11.9 Compliance With Laws And Regulations. The issuance and transfer of the
Cellegy Common Stock will be subject to and conditioned upon compliance by Vaxis
and Stockholder with all applicable U.S., Canadian, provincial, state and
federal laws and regulations and with all applicable requirements of any stock
exchange or automated quotation system on which Cellegy's Common Stock may be
listed or quoted at the time of such issuance or transfer.
ARTICLE XII
GENERAL PROVISIONS
12.1 Counterparts.

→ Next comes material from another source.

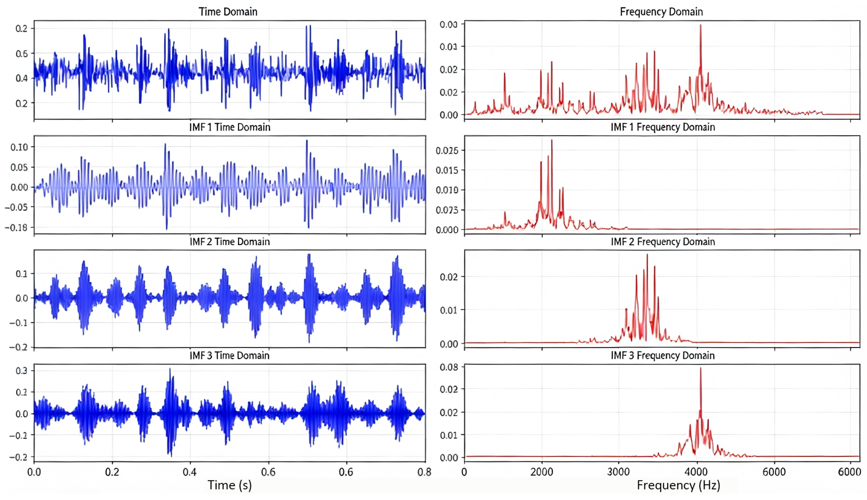 Figure 7, the three decomposed IMFs exhibit distinct frequency characteristics. The center frequencies of the IMFs are non-overlapping, and no energy leakage between components is observed, confirming the absence of mode mixing. For the PU dataset (
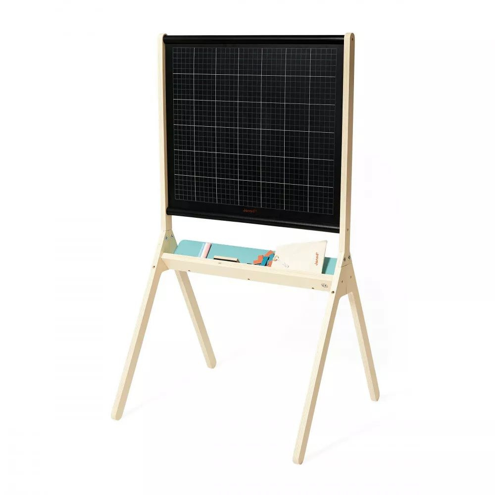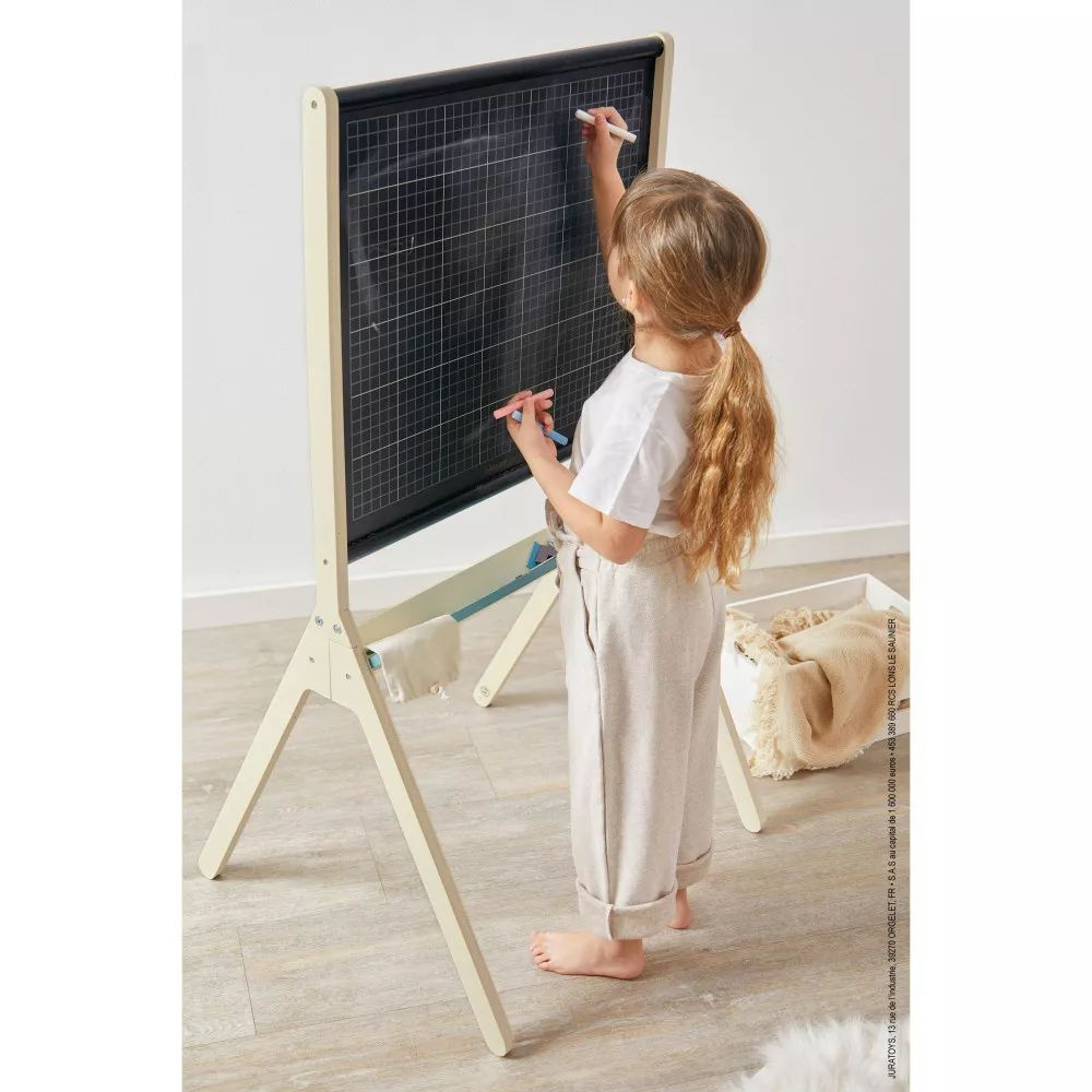 Tableau classique double face noir magnétique de la marque Janod. C'est le produit parfait pour aider votre enfant à écrire. Il s'amusera aussi à dessiner des heures dessus. Avec le tableau magnétique, il y a 3 craies, 1 brosse, 20 magnets et un livret de jeu. Sur un côté du tableau, c'est une face unie noire et sur l'autre côté, c'est une face quadrillée.

This Agreement may be executed in two or more
counterparts, each of which shall be deemed to be an original but all of which
shall constitute one and the same agreement.
12.2 Brokers.
(a) Vaxis represents and warrants to Cellegy that no broker, finder or
financial advisor is entitled to any brokerage, finder's or other fee or
commission in connection with the Transaction or the transactions contemplated
by this Agreement based upon arrangements made by or on behalf of Vaxis.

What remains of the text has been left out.